Another gas separation technique used in specialty gas production, such as oxygen, nitrogen, and hydrogen production, but traditionally not applied to natural gas separation, is pressure swing adsorption (PSA). PSA can achieve excellent purity by adsorbing the target component to be purified, but is usually not appropriate for natural gas separation processes because of the large volumes involved. PSA is an intrinsically clean technology when compared to amines, which are toxic, can be corrosive, and typically require significant heat input to be regenerated, but ultimately form a waste product. In addition, PSA produces a methane product that, unlike amine absorption, does not require a post-processing step for dehydration, and it does not depend on heat for regeneration. However, PSA units may not be the best option in streams with very low partial pressures of contaminant gas species. Moreover, because of its focused development for specialty gas production, there is relatively little focus on large scale systems and PSA development for natural gas purification.
Traditionally, a desired, higher-value end product, such as methane, is “captured” while contaminants, such as CO2 and H2S, are passed through the system.
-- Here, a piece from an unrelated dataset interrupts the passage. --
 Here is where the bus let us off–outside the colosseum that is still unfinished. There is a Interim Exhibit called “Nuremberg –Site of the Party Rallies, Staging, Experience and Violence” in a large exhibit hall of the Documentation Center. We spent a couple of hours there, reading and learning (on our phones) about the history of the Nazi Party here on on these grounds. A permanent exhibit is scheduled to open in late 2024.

Existing product recovery systems do not contemplate using PSA for high volume natural gas processing, because there has not been an economical or functional way to use such a system. PSAs have traditionally been used for high-purity product processes where high recovery may be appreciated, but is not necessary; for example, hydrogen purification for refining using PSA (99.99+% purity) or nitrogen purification from air for the electronics industry or hypoxic fire prevention systems by PSA (99.9% purity). In these examples, product purity is more critical than product recovery.
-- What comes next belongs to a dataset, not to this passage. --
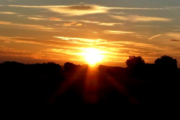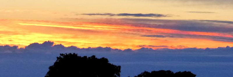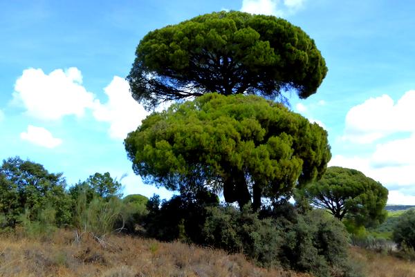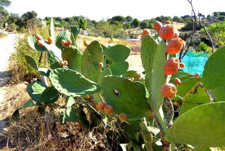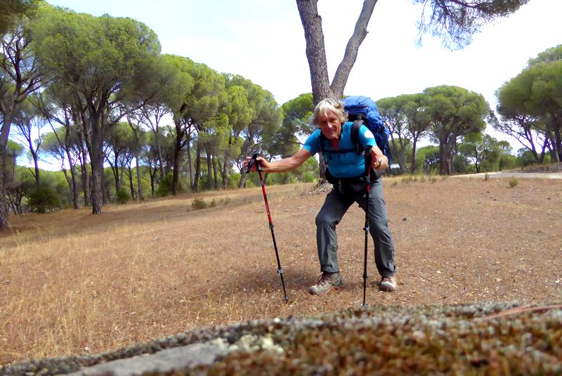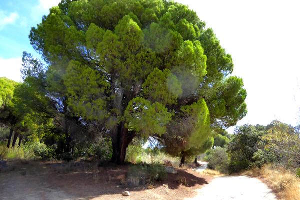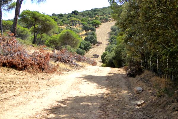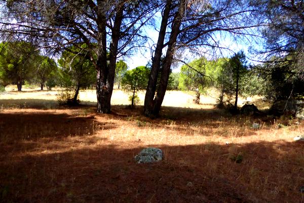 Après quelques dénivelés, j'arrive par un beau chemin de campagne sur un plateau au milieu des chênes verts et j'ai alors droit à un de ces beaux levers de soleil qui vous met en joie pour la journée...C'est un matin où l'on est heureux d'être sur le Chemin ! J'arrive à Almorox vers 9h. Pause dans un bar avec coca et olives et je repars pour ce qui va être une des étapes les plus difficiles que j'aurai jamais parcourue ! L'environnement a changé, le chemin monte et descend au milieu de petites collines, passe au milieu de propriétés entourées de jardins et de petites cultures...Je suis ravi de ce changement de décor, et puis le balisage commence à être déficient...Je fais quelques allers-retours avec ici ou là des treilles qui me procurent quelques belles grappes de raisin blanc...Le balisage devient presqu'inexistant et j'ai du mal à me repérer avec le guide... Cependant je ne peux qu'être charmé par cette forêt de pins majestueux dans laquelle je m'enfonce...Devant une propriété un chien noir me tourne autour très hargneux...Je sors mon sifflet ce qui le surprend et quelques moulinets avec mon bâton à la façon Don Quichotte auront raison de son agressivité...

In prior systems, PSA units have been used to polish valuable product streams, such as, for example, a retentate stream containing products of value, such as natural gas. However, products of value are wasted because the waste streams of primary separations, such as the permeate byproduct stream of a membrane separation, still contain valuable product, and so too does the waste stream, or “tail gas,” of the PSA used to polish the valuable product stream. Prior systems have not used PSA to enhance recovery of valuable product lost through the waste stream of a primary separation, such as, for example, a membrane. There is a need for systems and methods that can not only obtain substantially pure product streams such as natural gas, but also recover potential product lost during separation and delivery, including substantially pure byproduct streams such as CO2 and H2S.